The Senior Regulatory Affairs Associate will support the definition of the regulatory strategy for Lumin Innovations Diagnostic Medical Displays. This position will play a substantial role in researching regulations, defining, and implementing the regulatory strategy and engaging with health authorities to effectively inform our development programs. The successful candidate should possess a scientific background and will understand electromechanical devices. The ability to deal with ambiguity and think outside the box is critical for this position.
Regulatory lead/representative on project core teams providing regulatory input on all matters.
Leads preparation, documentation and submission of FDA and other international applications and providing responses to regulatory agencies regarding medical displays information or issues. Includes the summary of data collected and demonstration of acceptable performance. Ensure understanding of risk and approximate timing for approvals for planning purposes.
Identifies relevant guidance documents, international regulations and standards and provides interpretive assistance for new filings.
Manages maintenance of device establishment registrations, listings and licensing renewals and ongoing activities for compliance with FDA and other country-specific regulations as required.

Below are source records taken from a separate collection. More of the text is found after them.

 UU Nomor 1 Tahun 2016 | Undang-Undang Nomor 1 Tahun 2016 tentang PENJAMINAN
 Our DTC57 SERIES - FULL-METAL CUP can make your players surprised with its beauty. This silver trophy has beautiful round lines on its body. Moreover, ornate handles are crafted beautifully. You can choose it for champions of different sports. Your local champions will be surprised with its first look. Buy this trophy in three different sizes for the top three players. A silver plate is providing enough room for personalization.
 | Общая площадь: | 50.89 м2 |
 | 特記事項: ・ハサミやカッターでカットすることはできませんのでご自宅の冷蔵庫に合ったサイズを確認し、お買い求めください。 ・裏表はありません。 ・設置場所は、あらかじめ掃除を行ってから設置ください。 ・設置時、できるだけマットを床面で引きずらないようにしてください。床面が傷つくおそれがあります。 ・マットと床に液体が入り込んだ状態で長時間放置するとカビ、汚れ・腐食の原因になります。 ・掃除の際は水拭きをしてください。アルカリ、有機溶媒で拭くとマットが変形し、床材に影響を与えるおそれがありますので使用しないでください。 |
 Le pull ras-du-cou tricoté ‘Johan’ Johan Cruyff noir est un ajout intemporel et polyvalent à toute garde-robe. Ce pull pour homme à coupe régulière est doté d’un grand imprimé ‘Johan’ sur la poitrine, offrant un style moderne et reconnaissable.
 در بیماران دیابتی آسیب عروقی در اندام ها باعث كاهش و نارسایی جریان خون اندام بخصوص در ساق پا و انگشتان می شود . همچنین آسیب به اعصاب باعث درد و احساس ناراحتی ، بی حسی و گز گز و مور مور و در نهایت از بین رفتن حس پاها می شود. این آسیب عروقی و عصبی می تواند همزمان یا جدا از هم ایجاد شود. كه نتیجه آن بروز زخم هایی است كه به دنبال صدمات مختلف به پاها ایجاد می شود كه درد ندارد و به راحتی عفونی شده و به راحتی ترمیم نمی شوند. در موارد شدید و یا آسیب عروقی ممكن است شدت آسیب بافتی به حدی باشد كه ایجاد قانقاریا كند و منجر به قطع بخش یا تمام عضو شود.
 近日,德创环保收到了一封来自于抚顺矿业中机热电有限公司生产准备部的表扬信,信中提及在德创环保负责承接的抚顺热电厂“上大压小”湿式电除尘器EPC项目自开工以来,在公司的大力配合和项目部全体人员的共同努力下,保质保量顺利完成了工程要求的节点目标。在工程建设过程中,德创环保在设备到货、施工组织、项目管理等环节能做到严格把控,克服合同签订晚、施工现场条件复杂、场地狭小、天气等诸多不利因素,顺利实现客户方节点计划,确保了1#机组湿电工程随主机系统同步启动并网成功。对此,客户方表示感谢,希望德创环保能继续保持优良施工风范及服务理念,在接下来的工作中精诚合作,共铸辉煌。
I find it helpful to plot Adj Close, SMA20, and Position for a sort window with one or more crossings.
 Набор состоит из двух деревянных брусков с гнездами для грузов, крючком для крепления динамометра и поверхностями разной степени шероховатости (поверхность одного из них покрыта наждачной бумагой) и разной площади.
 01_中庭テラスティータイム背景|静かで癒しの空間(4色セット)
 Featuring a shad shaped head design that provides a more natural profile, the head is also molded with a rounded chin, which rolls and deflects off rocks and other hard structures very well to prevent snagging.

Review all regulatory materials for accuracy, comprehensiveness, and compliance with regulatory standards.
Provide regulatory guidance and leadership to cross-functional departments or development project teams regarding design, development, evaluation, or marketing (ad/promo) of products.
Assesses product, manufacturing and labeling changes for regulatory reporting and reviews marketing and sales materials for compliance to regulations.
Reviews technical reports for incorporation into regulatory submissions.
Manages regulatory affairs procedures to make sure that regulatory compliance is sustained or enhanced.
Maintain current knowledge of relevant regulations and guidelines, both proposed and final rules.
Manages & leads development of regulatory strategies that meet regulatory requirements and provide guidance regarding regulatory requirements for planned changes.
Support post-approval products through change evaluation and submission.